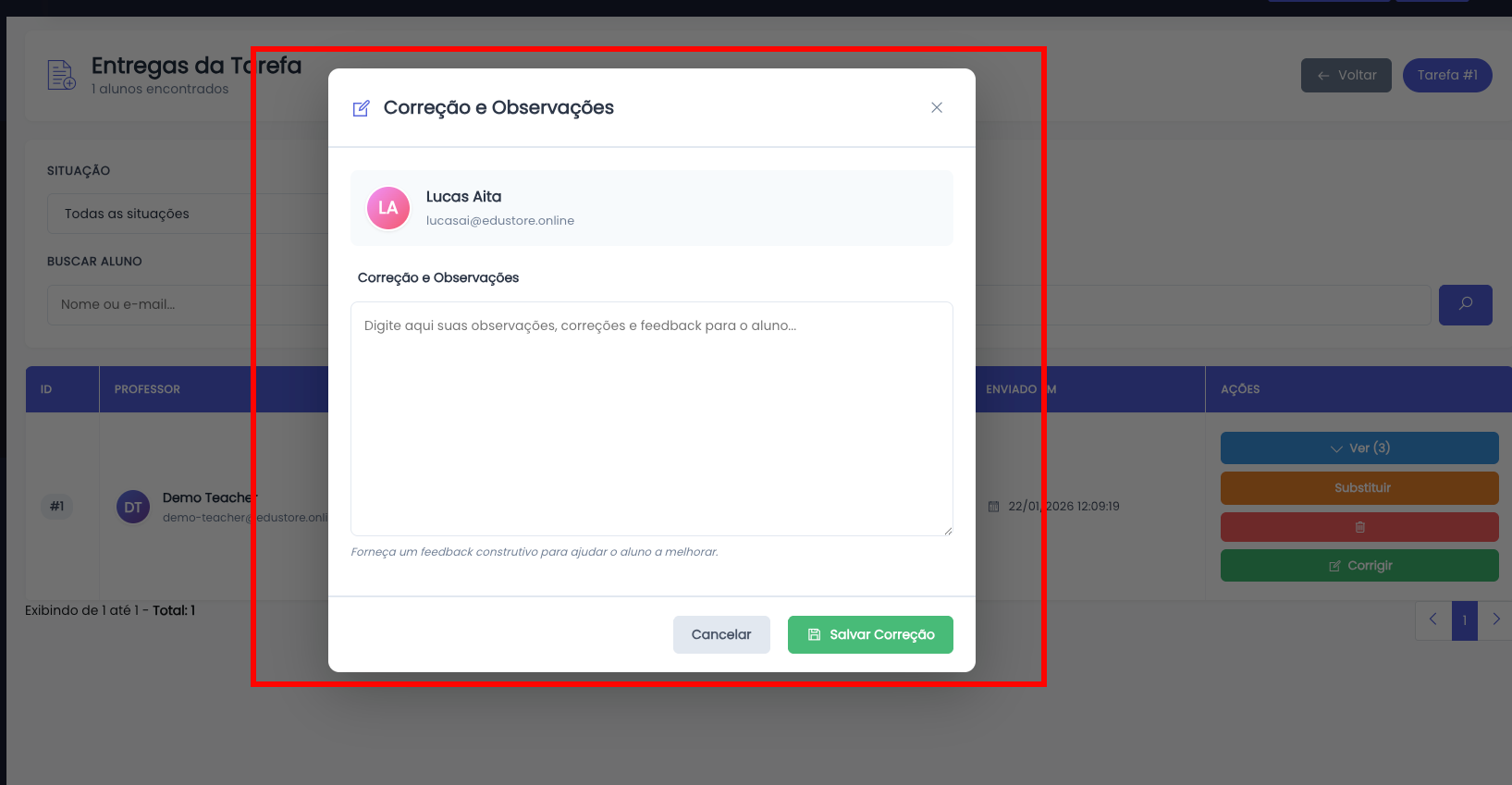 - Função: Abre o modal para o professor/tutor corrigir, colocar observações e dar o feedback da atividade para o aluno
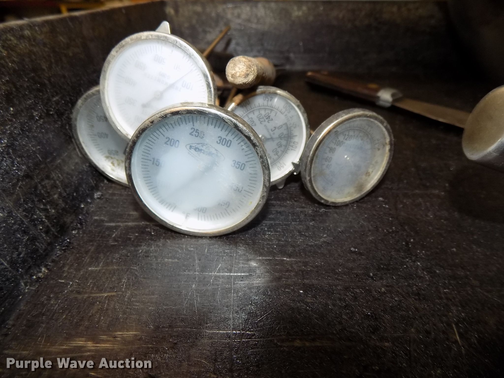 Purple Wave is selling a used Tools in Nebraska. This item is a Ohaus Explorer digital scale with the following: 32,000 gram capacity, 0.1 gram readability, Internal calibration, Assorted asphalt thermometers, Assorted trays and tools, Lab apron, Fluke 8" digital thermometers, 50 to 550 degrees, Manual
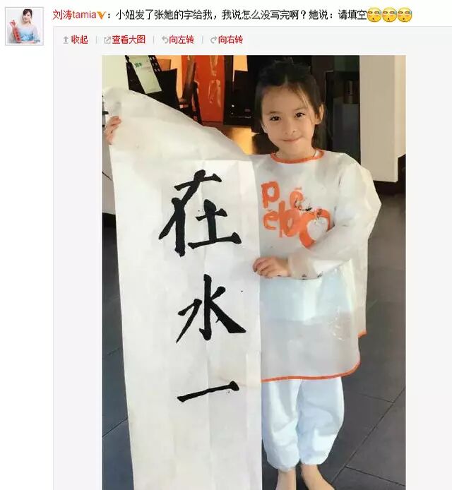3月27日下午,刘涛在微博晒出一张女儿的照片,并写道:“小妞发了张她的字给我,我说怎么没写完啊?她说:请填空。”
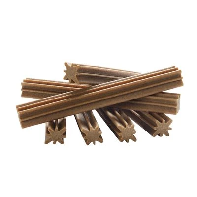 Snack perfecto para el cuidado diario de los dientes de tu perro. Su forma de estrella de 8 puntas y su consistencia especial ayudan a reducir el sarro no solo de los dientes, sino también el que se acumula en los espacios interdentales. Disponible en diferentes tamaños: para perros de razas pequeñas, medianas y grandes.
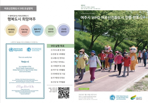 현재 51개국, 1445개 도시가 가입해 상호교류 중에 있으며 여주시도 지난해 12월에 어르신친화도시로 가입·인증되어 금번 선포식을 통해 어르신 정책기반을 조성하고자 한다.

Your goal. A faithful copy of each entry is required, and no picture may be carried into it.

Task response.
 - Função: Abre o modal para o professor/tutor corrigir, colocar observações e dar o feedback da atividade para o aluno
 Purple Wave is selling a used Tools in Nebraska. This item is a Ohaus Explorer digital scale with the following: 32,000 gram capacity, 0.1 gram readability, Internal calibration, Assorted asphalt thermometers, Assorted trays and tools, Lab apron, Fluke 8" digital thermometers, 50 to 550 degrees, Manual
3月27日下午,刘涛在微博晒出一张女儿的照片,并写道:“小妞发了张她的字给我,我说怎么没写完啊?她说:请填空。”
 Snack perfecto para el cuidado diario de los dientes de tu perro. Su forma de estrella de 8 puntas y su consistencia especial ayudan a reducir el sarro no solo de los dientes, sino también el que se acumula en los espacios interdentales. Disponible en diferentes tamaños: para perros de razas pequeñas, medianas y grandes.
 현재 51개국, 1445개 도시가 가입해 상호교류 중에 있으며 여주시도 지난해 12월에 어르신친화도시로 가입·인증되어 금번 선포식을 통해 어르신 정책기반을 조성하고자 한다.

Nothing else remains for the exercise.